Eminenza Reverendissima, signor cardinale Peter Erdö, stimati partecipanti e organizzatori di questo forum cristiano europeo, carissimi fratelli e sorelle,
Quest’anno il Signore ci ha riuniti qui insieme a Rimini, affinché il nostro sguardo interiore possa scrutare nel profondo dei nostri cuori. Non nei cuori di quanti sono vissuti prima di noi, o di coloro che si trovano accanto a noi… No, la sacra verità l’uomo è in grado di trovarla solo nel proprio cuore.
Questa verità schiude a ciascuno il mistero futuro: che cosa avverrà del mondo, dell’Europa, della mia patria e, infine, di me in prima persona? E in questo caso non si tratta semplicemente di forme che possono assumere le sventure o, al contrario, la prosperità. Nella profondità del cuore tutti gli interrogativi sono portati fino all’estremo, e il futuro viene determinato in forma categorica: si tratta della salvezza o della rovina, della morte.

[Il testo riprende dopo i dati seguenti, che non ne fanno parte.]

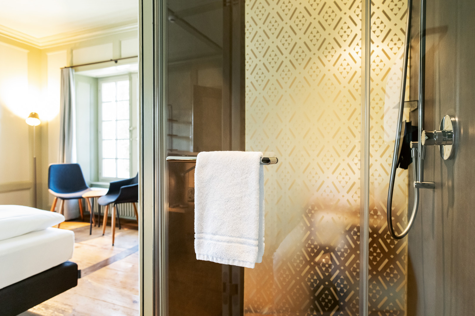 No booking requests by phoneThe individually designed deluxe double room. It combines carefully preserved and renovated elements with modern design and high-quality furnishings to make your stay as comfortable as possible. A shower, toilet, and TV are included as standard. Whether you are staying here alone or with three other people, you will feel completely at home.

Coscienza come seme della salvezza
Secondo la parola del Signore nostro Gesù Cristo, proprio dal cuore attraverso la bocca esce tutto ciò che contamina l’uomo: pensieri malvagi, menzogne e parole cattive (cfr. Mt 15,18-19). Ma nel contempo il cuore dell’uomo è anche l’organo della sua comunione con il Creatore nel linguaggio della coscienza.
Lo stesso «alito vitale», che Dio «soffia»nella persona umana rendendola un’«anima vivente» (Gen 2,7), è la coscienza, la nostra conoscenza ontologica della legge divina della vita. Non è la «legge morale interiore» che colmava di sacro tremore l’anima di Emmanuel Kant. La coscienza è qualcosa di molto più profondo, una caratteristica della natura umana che non è suscettibile di indagine.
Una persona che tenda alla luce può esserne maturata e accresciuta fino alle vette della santità, mentre un’altra persona, che si lasci andare sotto il peso di vizi e passioni, può soffocare la propria coscienza e disinteressarsi di ogni legge morale. Ma la coscienza è immortale, come l’anima: in un battibaleno può accendersi nel cuore del peccatore più indurito, e condurlo in un istante a un tale vertice di pentimento, che magari un giusto raggiunge a fatica nel corso di tutta la vita…
Il cuore come campo di battaglia
Sulla metafisica del cuore umano sono stati scritti volumi e volumi di opere teologiche e filosofiche; nei libri della Bibbia è Dio stesso a parlare dei suoi misteri, e l’uomo vi medita. E anche noi ci siamo riuniti qui, ora, per riflettere sul contenuto dei nostri cuori.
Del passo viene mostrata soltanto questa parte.